◆ **TASK DIRECTIONS**:
Beginning with the line that contains "時計台の歯ぐるまがいっせいにまわりだしました。", retype the entries below exactly, ending with the line that contains "Fasada została zakomponowana". Leave out any pictures.

◆ **SOURCE DATA**:
>>>>

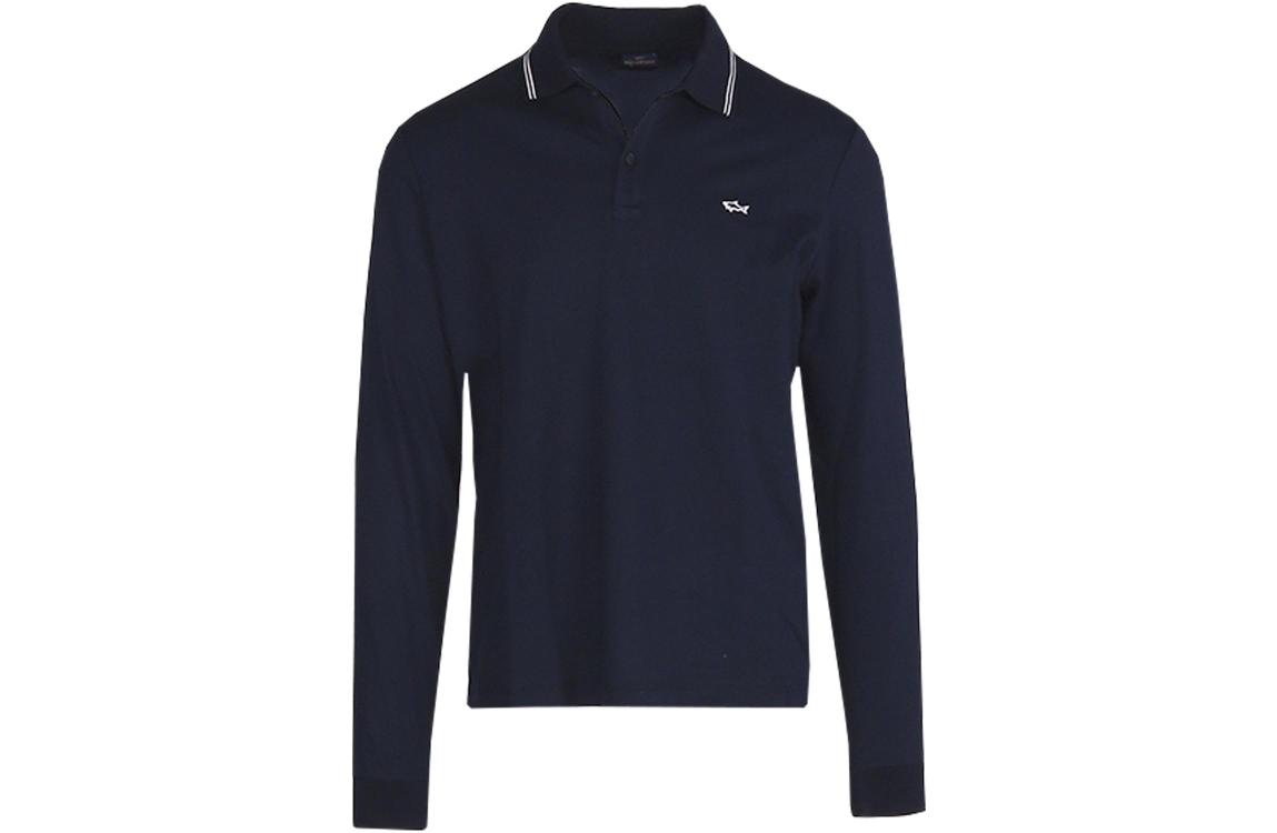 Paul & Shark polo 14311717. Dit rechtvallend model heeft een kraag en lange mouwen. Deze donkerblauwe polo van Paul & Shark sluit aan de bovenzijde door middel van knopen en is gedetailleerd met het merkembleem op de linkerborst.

<<<<
>>>>

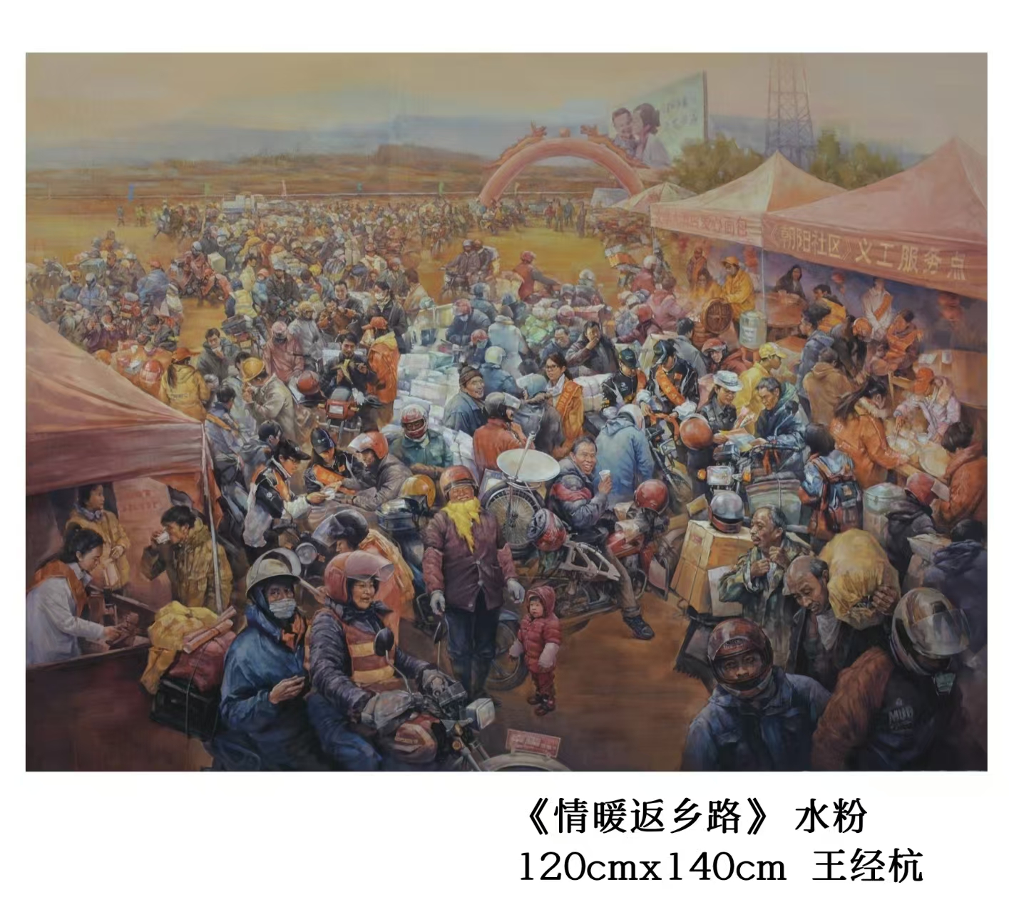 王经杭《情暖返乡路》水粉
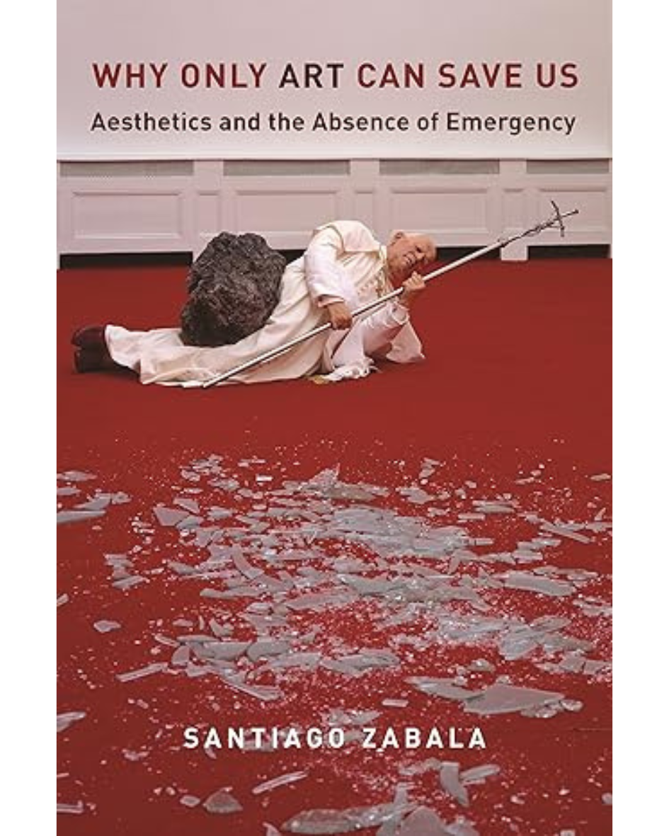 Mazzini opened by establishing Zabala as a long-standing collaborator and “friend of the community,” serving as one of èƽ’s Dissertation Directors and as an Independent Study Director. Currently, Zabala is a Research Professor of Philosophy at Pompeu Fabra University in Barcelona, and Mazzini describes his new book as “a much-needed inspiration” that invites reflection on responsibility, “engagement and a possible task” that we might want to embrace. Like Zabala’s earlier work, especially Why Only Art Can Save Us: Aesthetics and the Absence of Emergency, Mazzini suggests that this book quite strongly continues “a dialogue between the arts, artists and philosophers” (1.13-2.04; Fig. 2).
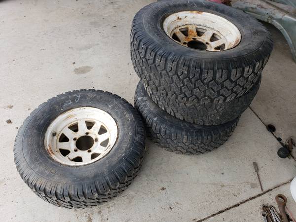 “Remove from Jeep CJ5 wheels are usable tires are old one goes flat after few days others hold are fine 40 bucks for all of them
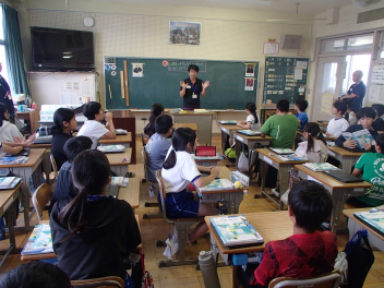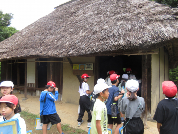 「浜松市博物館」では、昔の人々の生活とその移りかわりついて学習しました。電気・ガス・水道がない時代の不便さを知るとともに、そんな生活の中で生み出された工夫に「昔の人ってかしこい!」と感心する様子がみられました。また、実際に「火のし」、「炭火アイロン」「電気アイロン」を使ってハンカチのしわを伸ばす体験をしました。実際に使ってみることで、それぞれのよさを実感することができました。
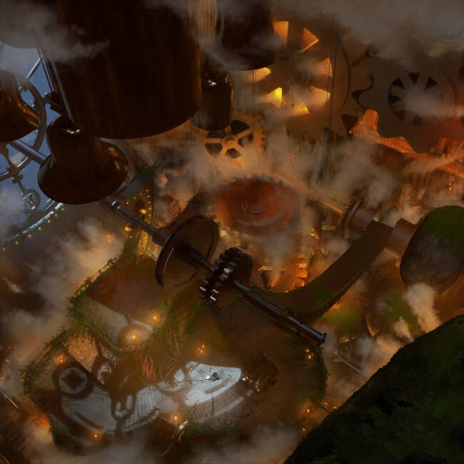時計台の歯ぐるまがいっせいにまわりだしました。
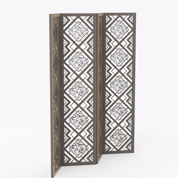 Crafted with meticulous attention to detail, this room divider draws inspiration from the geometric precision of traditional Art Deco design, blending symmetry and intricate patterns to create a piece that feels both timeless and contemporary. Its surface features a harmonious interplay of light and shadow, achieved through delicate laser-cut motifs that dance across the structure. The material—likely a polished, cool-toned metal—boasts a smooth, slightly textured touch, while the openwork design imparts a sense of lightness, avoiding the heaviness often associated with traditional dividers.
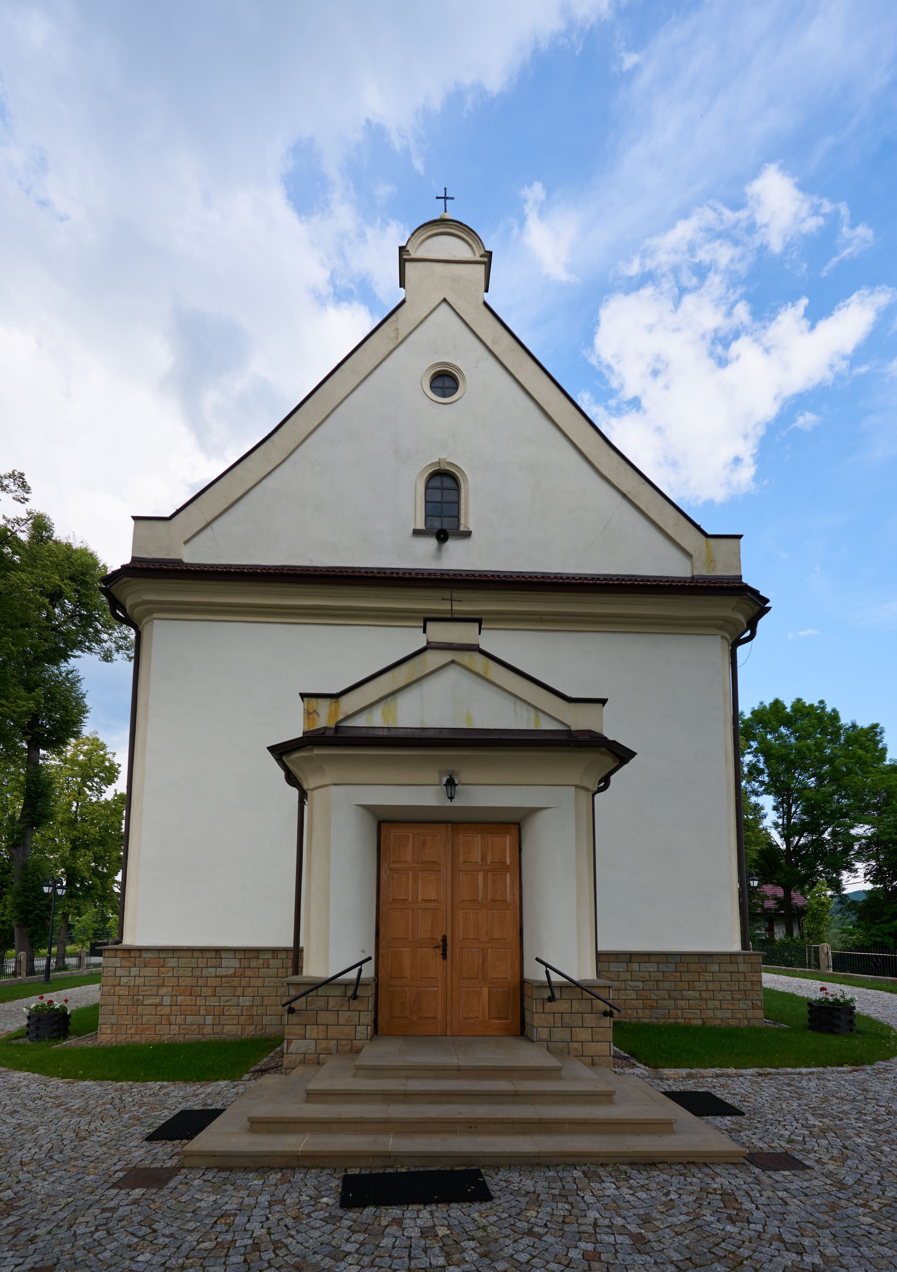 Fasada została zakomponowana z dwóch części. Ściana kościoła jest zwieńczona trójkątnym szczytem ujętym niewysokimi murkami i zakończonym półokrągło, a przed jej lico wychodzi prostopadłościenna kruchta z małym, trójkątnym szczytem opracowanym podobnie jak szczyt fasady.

<<<<
>>>>

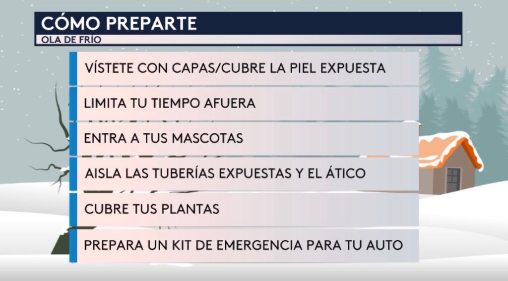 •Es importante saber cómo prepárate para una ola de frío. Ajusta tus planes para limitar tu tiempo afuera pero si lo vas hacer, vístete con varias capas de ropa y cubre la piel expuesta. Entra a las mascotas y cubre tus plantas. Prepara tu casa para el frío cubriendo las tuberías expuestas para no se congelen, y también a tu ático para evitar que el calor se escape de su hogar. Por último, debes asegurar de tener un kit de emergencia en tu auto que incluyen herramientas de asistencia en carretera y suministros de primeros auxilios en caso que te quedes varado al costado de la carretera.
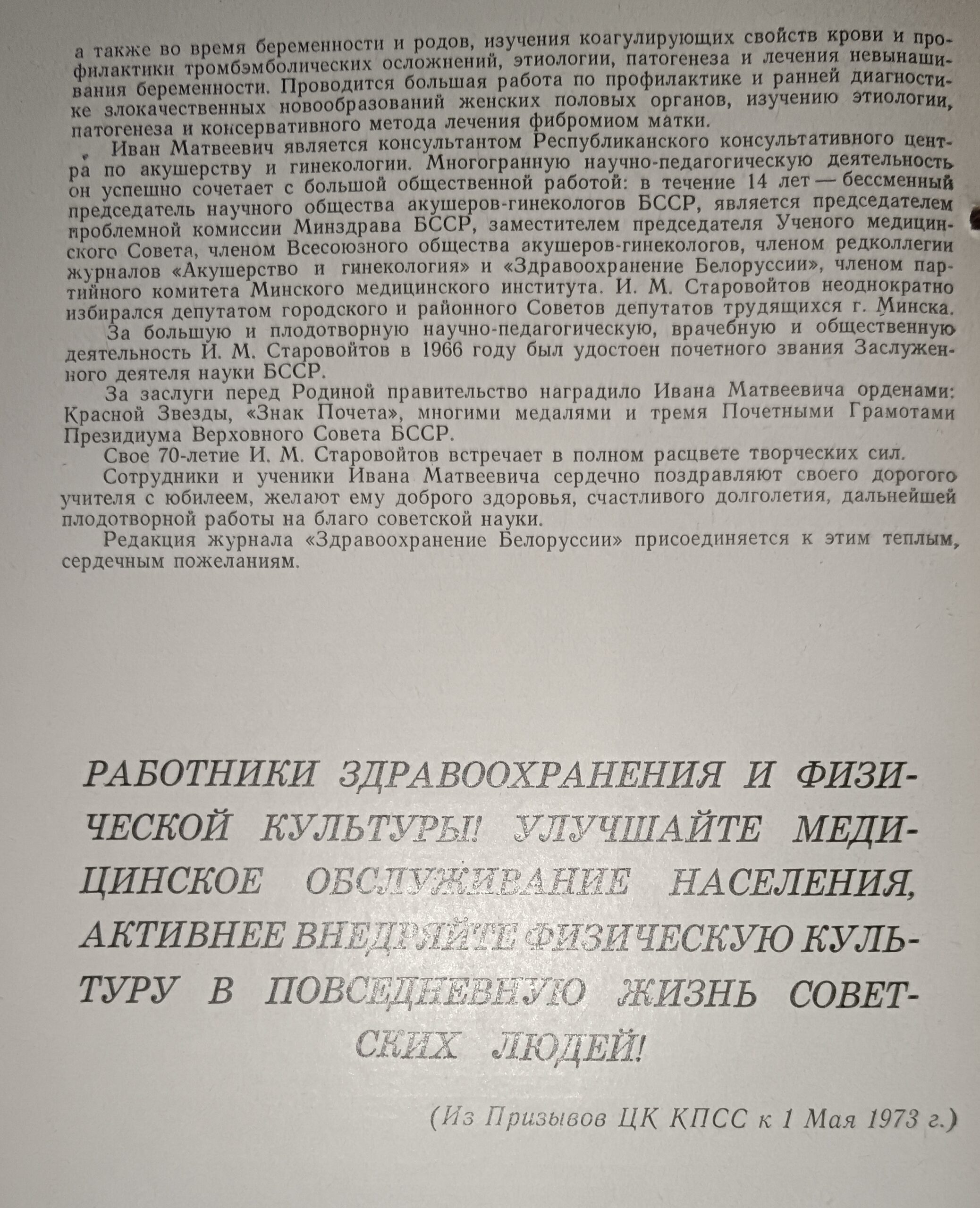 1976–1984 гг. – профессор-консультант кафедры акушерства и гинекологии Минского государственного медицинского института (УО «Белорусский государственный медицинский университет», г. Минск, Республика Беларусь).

<<<<

◆ **ANSWER BOX**:
時計台の歯ぐるまがいっせいにまわりだしました。
 Crafted with meticulous attention to detail, this room divider draws inspiration from the geometric precision of traditional Art Deco design, blending symmetry and intricate patterns to create a piece that feels both timeless and contemporary. Its surface features a harmonious interplay of light and shadow, achieved through delicate laser-cut motifs that dance across the structure. The material—likely a polished, cool-toned metal—boasts a smooth, slightly textured touch, while the openwork design imparts a sense of lightness, avoiding the heaviness often associated with traditional dividers.
 Fasada została zakomponowana z dwóch części. Ściana kościoła jest zwieńczona trójkątnym szczytem ujętym niewysokimi murkami i zakończonym półokrągło, a przed jej lico wychodzi prostopadłościenna kruchta z małym, trójkątnym szczytem opracowanym podobnie jak szczyt fasady.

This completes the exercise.